Monday, October 16, 2006

OK...yes...I'm verbose but I'm making up for lost time, dammit!

Thought for Today:
"One learns in life to keep silent and draw one's own confusions." — Cornelia Otis Skinner, American actress and author (1901-1979).

Sudiegirl's response:
Well...I guess I'm screwed.

Well, since I'm making up for lost time over the weekend, you guys are probably annoyed with how wordy I am. However, I am going to do a "dad" entry tomorrow and maybe hold off for a few more days on the subject of "dad" until next week. Until then, just the usual meandering.

First of all, I must say this:
Yes, in spite of her decades-spanning career, she is known very well for being Jessica Fletcher. Thanks to "Murder She Wrote", post-menopausal women can still fulfill their dreams of being a detective (vicariously, of course). A&E Networks are very grateful for the ratings, I'm sure.

So on behalf of AARP, this special "Hot Flash Cavalcade of Stars" happy birthday card goes to Ms. Lansbury and the veritable institution of "Murder She Wrote".


RIP, Freddy Fender.

He was truly an incredible musician...his career spanned from childhood to the present. He fought drug abuse and diabetes. He served time in prison, and had regional success before he was nationally known. He succumbed to lung cancer over the weekend.

I remember hearing his early '70's hits in childhood, and I really liked "Before the Next Teardrop Falls", but it almost made me cry every time I heard it. Imagine that.

Ed H. (who knows WAY more about music than I will ever know) also reminded me of his stint with the Texas Tornadoes, but I will always think of him in association with "Teardrop".

In his New York Times obit, it states that Fender won three Grammys in his career, and appeared in Robert Redford's "The Milagro Beanfield War" in 1988.

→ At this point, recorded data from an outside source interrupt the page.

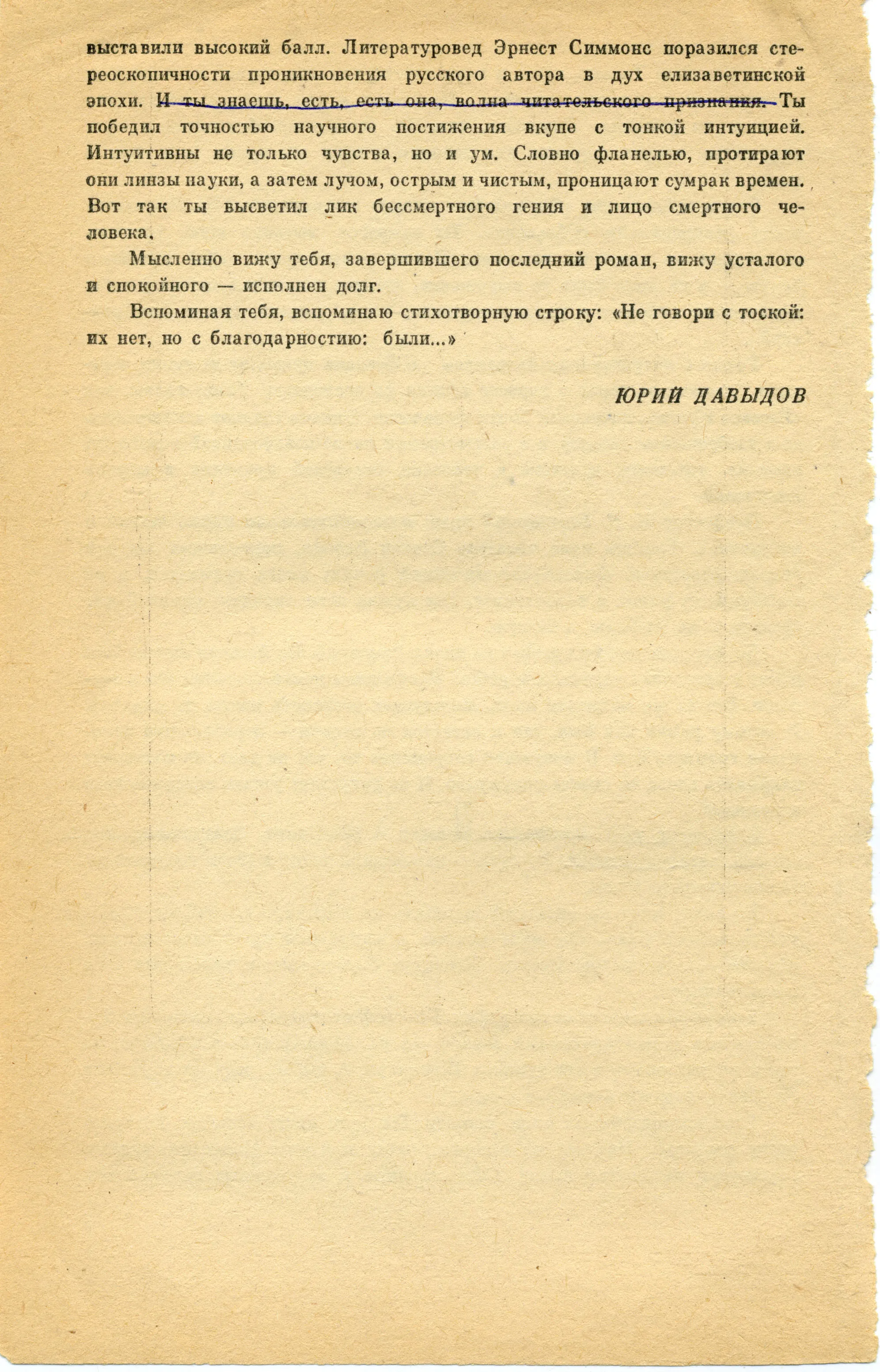 1969 г. Статья Ю. Давыдова «Поговорим о бурных днях Кавказа…». Вместо предисловия к книге Ю. Домбровского «Смуглая леди».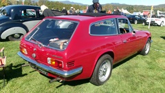 The red shooting brake style car is a 1973 Reliant Scimitar. The big black and cream car is a 1951 Alvis TA-21. Of course the little two-tone green and white cars are Metropolitan.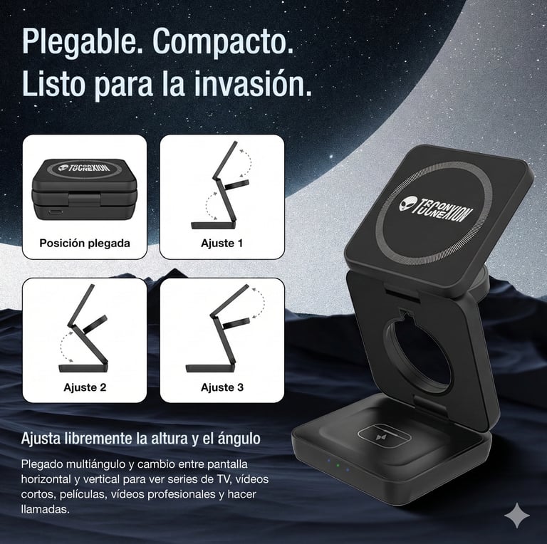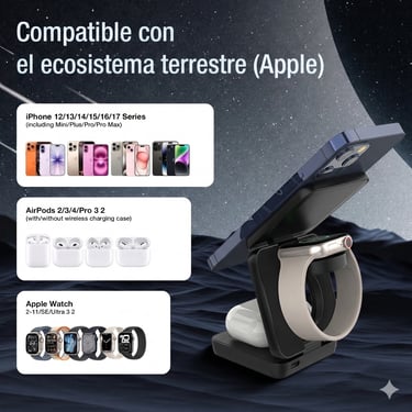 Elimina el caos de cables de tu escritorio, mesilla de noche o salón. Una sola estación elegante reemplaza tres cargadores. Tu espacio, por fin, respira — y tú también.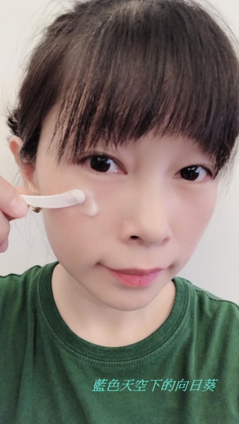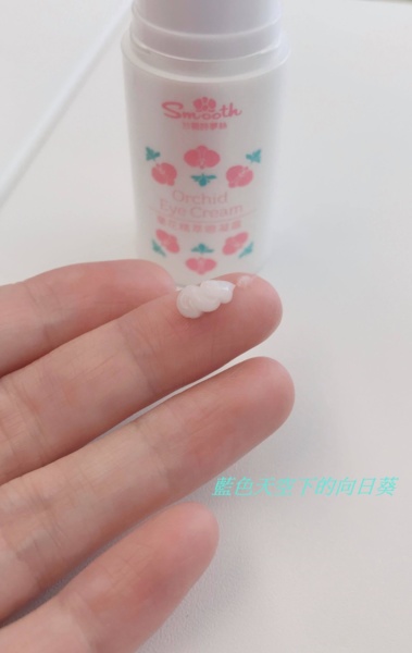 按壓於手指,白色乳狀的眼霜,也是一樣帶有淡淡花香味,眼霜外盒標榜著有膠原蛋白,我塗抹於眼睛周遭肌膚,然後輕輕按摩至吸收,感覺吸收也是很快,而且重點是完全不會有過於滋潤的黏膩感,過去用過很多眼霜都覺得太滋潤黏膩,但是台糖的這款眼霜真的沒有黏膩的感覺,這款眼霜我個人真的很喜歡,讓我的眼睛周圍的肌膚感覺很舒服。

That's more than I'll ever do, and you know what? I'm OK with that.

The best quote, however...attributed to a Washington Post interview in this:

“Whenever I run into prejudice,” he told The Washington Post in 1977, “I smile and feel sorry for them, and I say to myself, ‘There’s one more argument for birth control.’ ”

Amen, brother. Rest in peace, and say hi to Dad for me.

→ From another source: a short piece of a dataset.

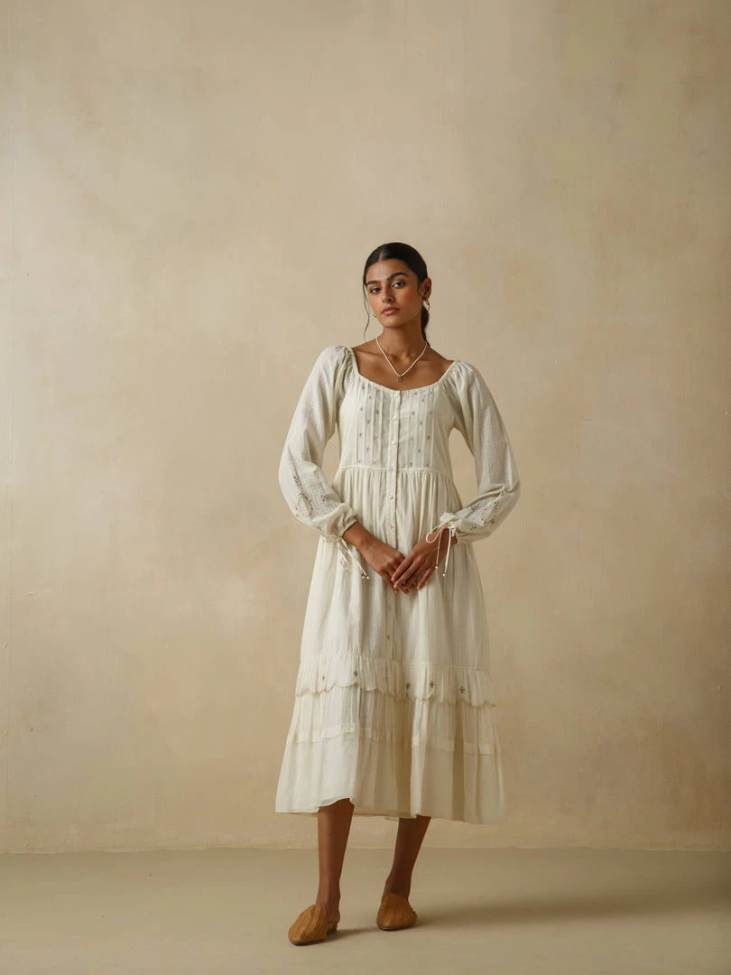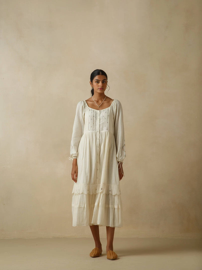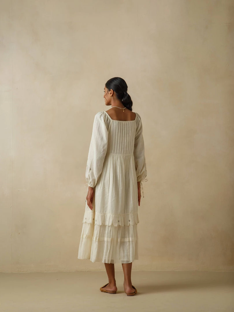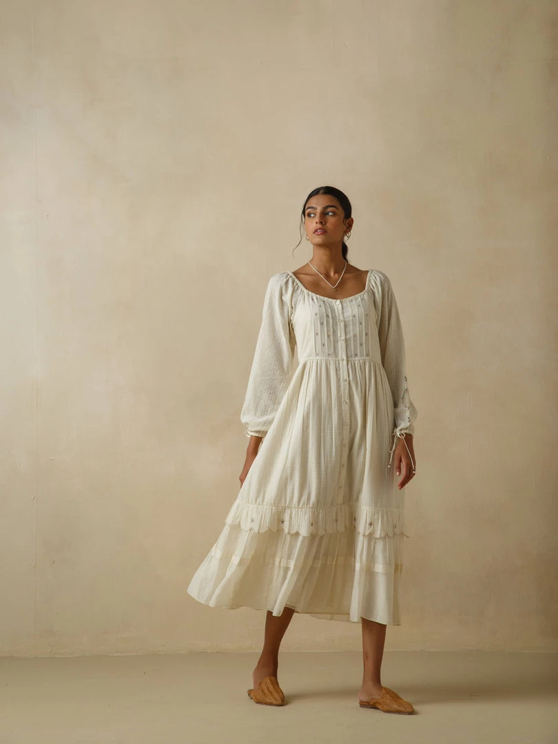 Drive the summer blues away in this soft and airy dress made from our unbleached handwoven cotton fabric with a sweetheart neckline and delicate embroidery on the front bodice. It comes with elasticated sleeves with adjustable drawstring tie-ups.  Â

Well, the good folks at Rancho Sudiegirl, Inc. (makers of "SuperRamenDeepFry", now with cheese!) have decided to create yet another award. Why? Because we care, dammit.

New award: "Was My Face Red!", to salute corporate and/or personal embarrassment that somehow makes its way to the news.

Recipient: The Walt Disney Company

Reason: At the Disney theme park in Paris, France, Disney "characters" (meaning the underpaid working stiffs who swelter in the un-ventilated Disney costumes) engaged in a simulated "orgy". To quote the article:

The video shows Minnie Mouse struggling to free herself as she is grabbed from behind by Goofy and then a giant snowman. Later, Mickey Mouse simulates sex with the snowman and Goofy does the same with either Chip or Dale, the chipmunks, as laughter is heard on the tape. The tape is described on the Internet as the "Mouse Orgy."

Judge's comments:

You know why this happened, don't you?

Because the "character" employees all watched "The Little Mermaid", and according to certain mega-conservative church leaders (*coughcoughDONALDWILDMONcoughcough*) the word "sex" was in the sky (formed by clouds).

Plus, the prince (I don't even remember or CARE what his name was) had a big ol' stiffie in the wedding scene, so of COURSE this made the French "characters" all lusty and they had to work it out somewhere!

Of course, it's just a theory...

But doesn't it scare you that there was a "booty call" at a Disney park? It does me.


So with that, folks, I'm off to annoy others once again. I will be back tomorrow, so if that disappoints some of you, so be it.